Self-driving cars face a major figurative challenge: anticipating unexpected situations and responding in a level-headed way to ensure everyone stays safe. Yet they also face a rather bizarre literal obstacle in the form of an enormous Looney Tunes-inspired fake wall painted to resemble an open road, designed to fool the vehicle into a collision.
While giant fake walls are unlikely to appear in real life, that did not stop Mark Rober—an ex-NASA engineer now on YouTube—from testing how self-driving vehicles react to cartoonish scenarios.
In his most recent video, “Can You Fool a Self-Driving Car?” he compares two autonomous driving systems: Tesla’s camera vision-based autopilot and another setup that relies on Light Detection and Ranging (LiDAR). Each system is put through a series of tests, ending with the same classic tactic Wile E. Coyote used to try to stop the Road Runner in Looney Tunes.
At about 40 miles per hour, Tesla’s Autopilot plows right through the faux wall, leaving a comically large hole behind—its third failure out of six tests. Earlier experiments tackle whether a self-driving vehicle might hit a child under poor visibility, such as fog or water sprays.
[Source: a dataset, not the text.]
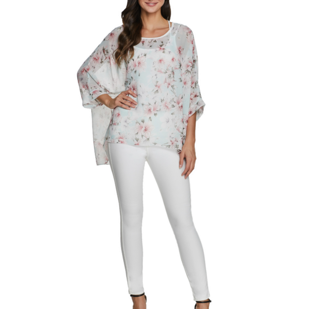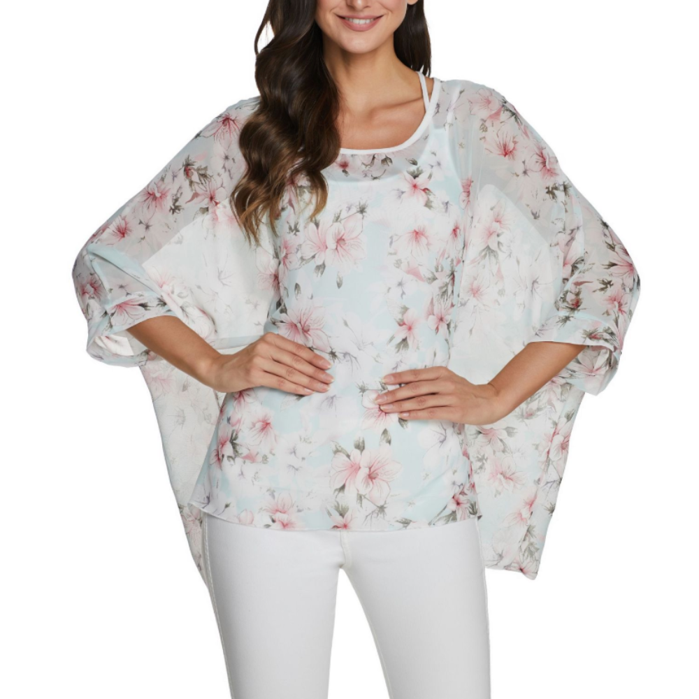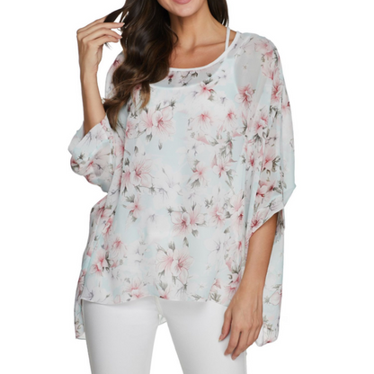 Womens Flowy Chiffon Tunic with Floral Print
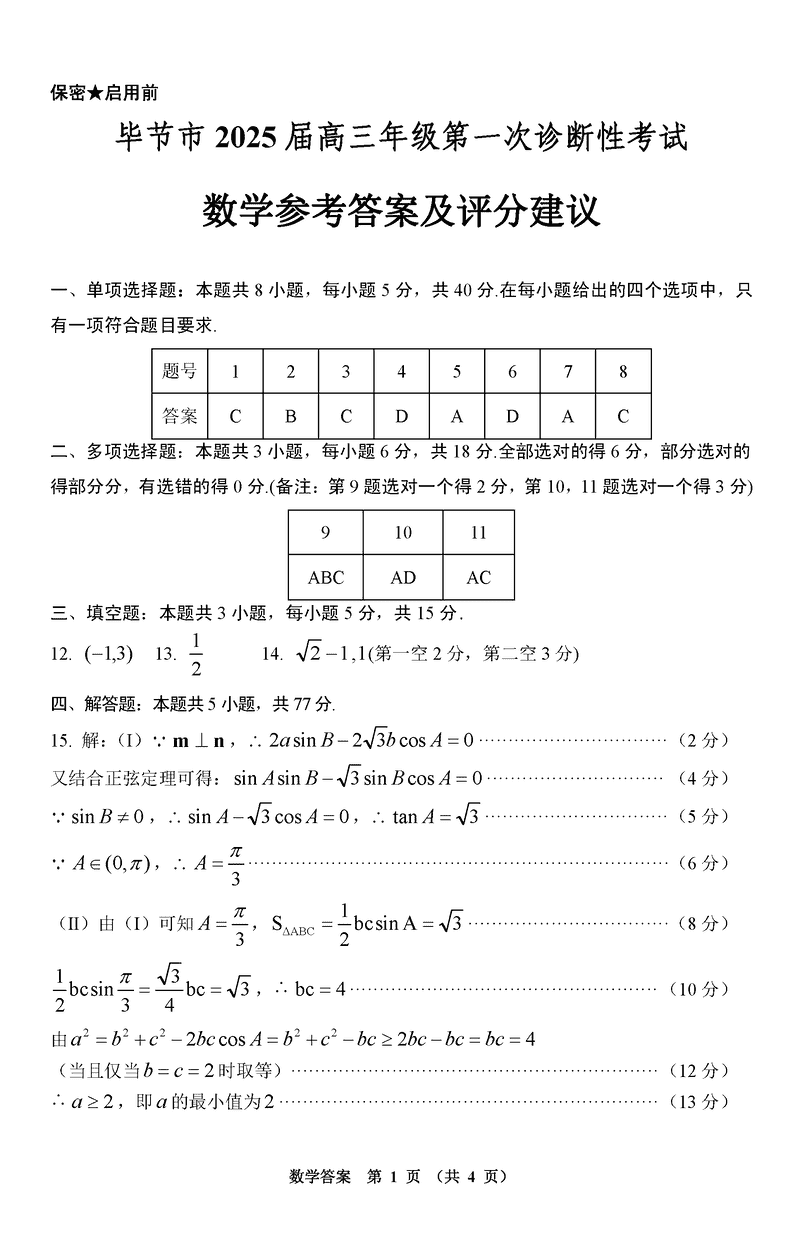 毕节一诊2025届高三上学期第一次诊断数学考试已于近日开考,为方便考生考后及时查看考试情况,查漏补缺、弥补不足,本文整理了试题答案解析相关信息!

During those demonstrations, the Tesla autopilot successfully stopped in front of a stationary child dummy standing in the middle of the road with no visual obstructions.
However, once the dummy was covered in fog or covered by water jets from different directions, the Tesla ran right through the dummy. In contrast, the LiDAR-based autopilot on the competing car stopped every single time. That outcome may not shock viewers, since the clip quietly doubles as a promotion for LiDAR technology. Plus, LiDAR is a much more expensive and sophisticated environment-scanning technology.
Still, the LiDAR system’s success is striking, especially now that Tesla has very publicly decided to rely on cameras alone. The argument for skipping LiDAR usually cites its high cost, the extra processing it demands, and the belief that leaning on LiDAR could slow progress in purely camera-based solutions.